11. Hamburger Comedy Pokal Sieben Männer blödeln und spotten um Frottee-Trophäen

Stefan Reckziegel

Foto: Hamburger Comedy Pokal

Die Stand-up-Komiker Maxi Gstettenbauer und Masud qualifizierten sich als Lucky Loser fürs Finale beim größten deutschen Kleinkunstcontest.

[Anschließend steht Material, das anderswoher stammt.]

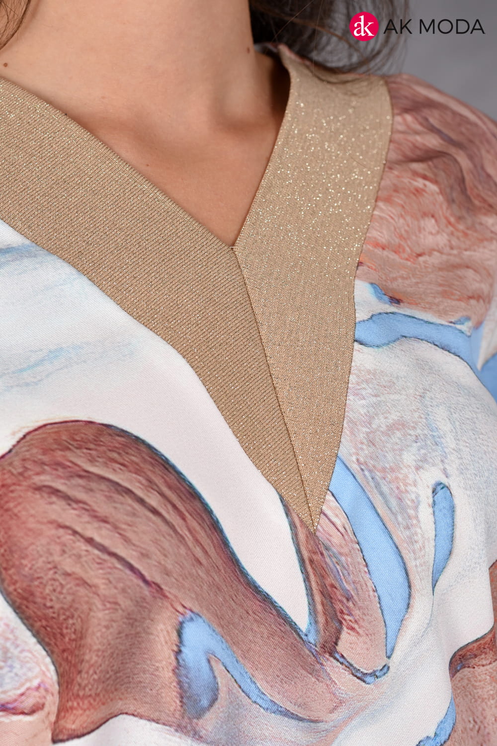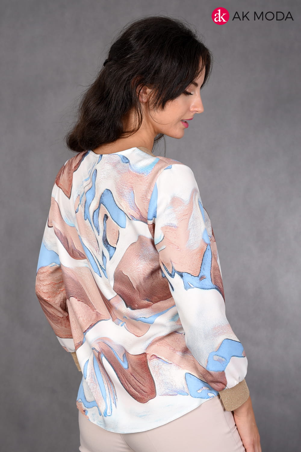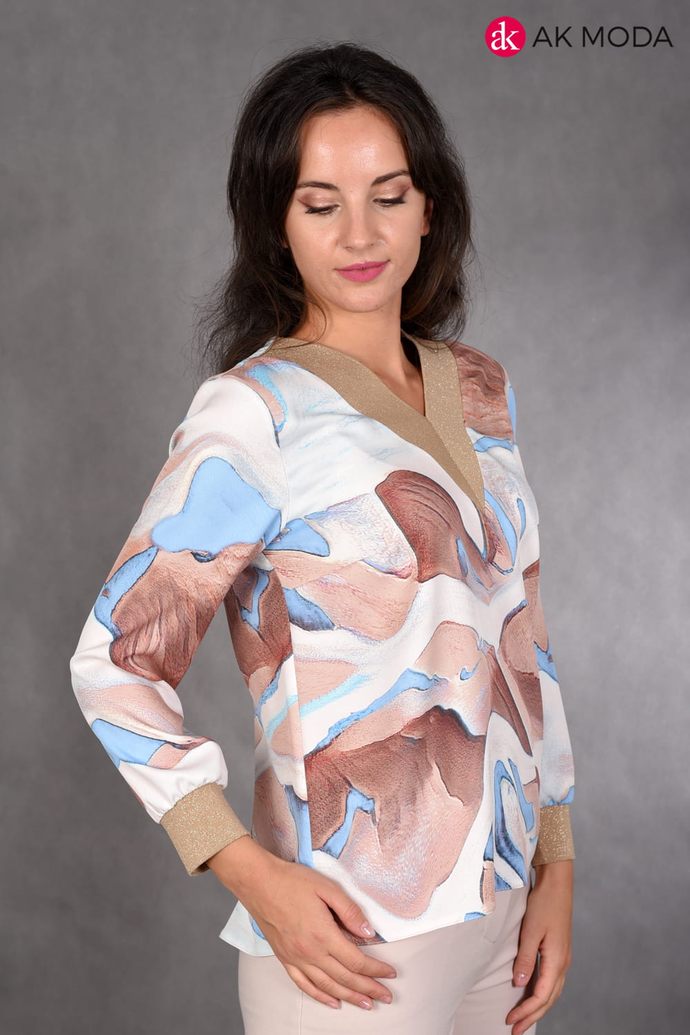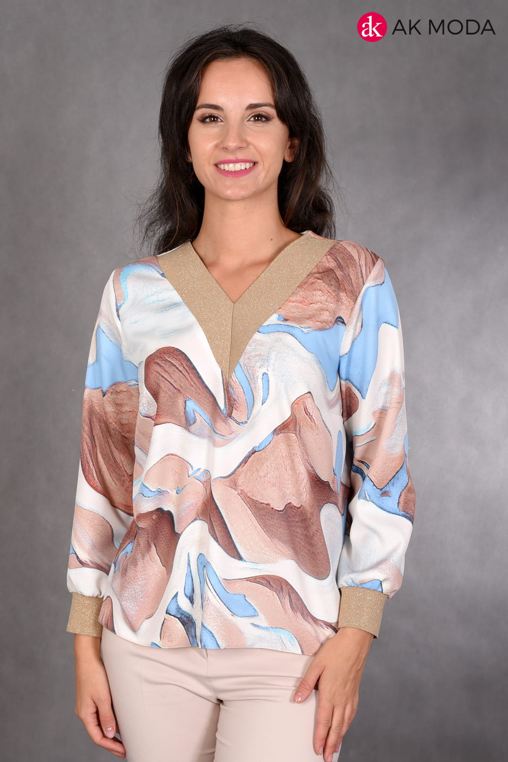 Bluzka w beżowo - niebieskie wzory z rękawem 3/4 i dekoltem w szpic. Rękawy i dekolt zakończone ozdobną szeroką listwą.
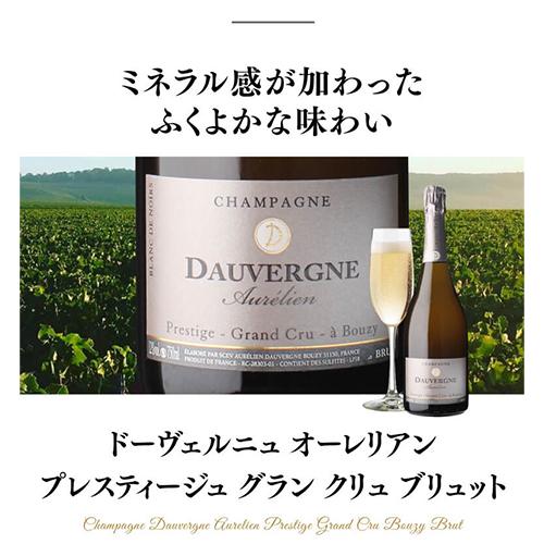 他の画像を見る クール便選択可 ミネラル感が加わったふくよかな味わい ドーヴェルニュオーレリアン プレスティージュ グラン クリュ ブリュット 750mlRC モンターニュ ド ランス ブジー シャンパン 辛口 シャンパーニュ 浜運 特別価格 ¥ 12,980 税込 お気に入りに追加
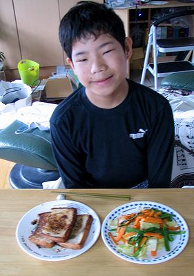 小学校の宿題が「家族のよろこぶ朝食をつくろう」ということだったので、全くんはクロックムッシュと野菜炒めを作りました(写真左)。クロックムッシュはおとうさんが休日の朝に時々つくるのを食べて気に入り、全くんも最近自分で作るようになっていました。我が家のクロックムッシュは中身がチーズのみ、パターで焼いただけでのシンプルなものですが、これが結構美味しいのです。

Hamburg. Mit jeweils 45 Minuten Programm hatten sie sich in der Hauptrunde respektive im Halbfinale beim Hamburger Comedy Pokal nicht durchsetzen können, "Die zweite Chance" indes nutzten die Stand-up-Komiker Maxi Gstettenbauer und Masud. Bei der Show der eigentlich schon Ausgeschiedenen beim größten deutschen Kleinkunstwettbewerb (20 Teilnehmer) überzeugten am späten Sonntagabend im Schmidt-Theater der aus Bayern stammende Kölner Gstettenbauer und der in Berlin lebende Iraner Masud mit ihren kompakten achtminütigen Programmauszügen die Jury. Erstmals kam in der Hoffungsrunde unter diesmal elf Startern nicht nur der Lucky Loser, sondern auch der zweitlustigste Verlerer ins Finale im seit Wochen ausverkauften Schmidts Tivoli. Ironie des Wettbewerbs: Der Kölner Comedian Kristian Kokol, in der Hauptrunde am Freitag noch Sieger gegen Masud und 2011 bereits Gewinner des Prix Pantheon, verpasste als Dritter knapp das Finale.

Zu den glorreichen sieben, die am Montagabend am Spielbudenplatz um 6500 Euro Preisgeld und drei Frottee-Pokale blödeln und spotten, gehören aber die zuvor in zehn Stadtteilkulturzentren von Brakula bis Zinnschmelze in Barmbek qualifizierten zweimaligen K.-o.-Sieger. Das sind Kabarett-Zauberer Marcel Kösling aus Itzstedt im Kreis Segeberg, aus Berlin der Puppenflüsterer alias Benjamin Tomkins, Comedian Ingmar Stadelmann und der übellaunige Comedy-Zauberer Andre Hieronymus sowie der Kölner Musikkabarettist Martin Zingsheim. Der viertägige Wettstreit mit insgesamt 17 Shows, darunter erstmals eine im Kulturhaus III & 70, lockte erneut mehr als 3000 Besucher an.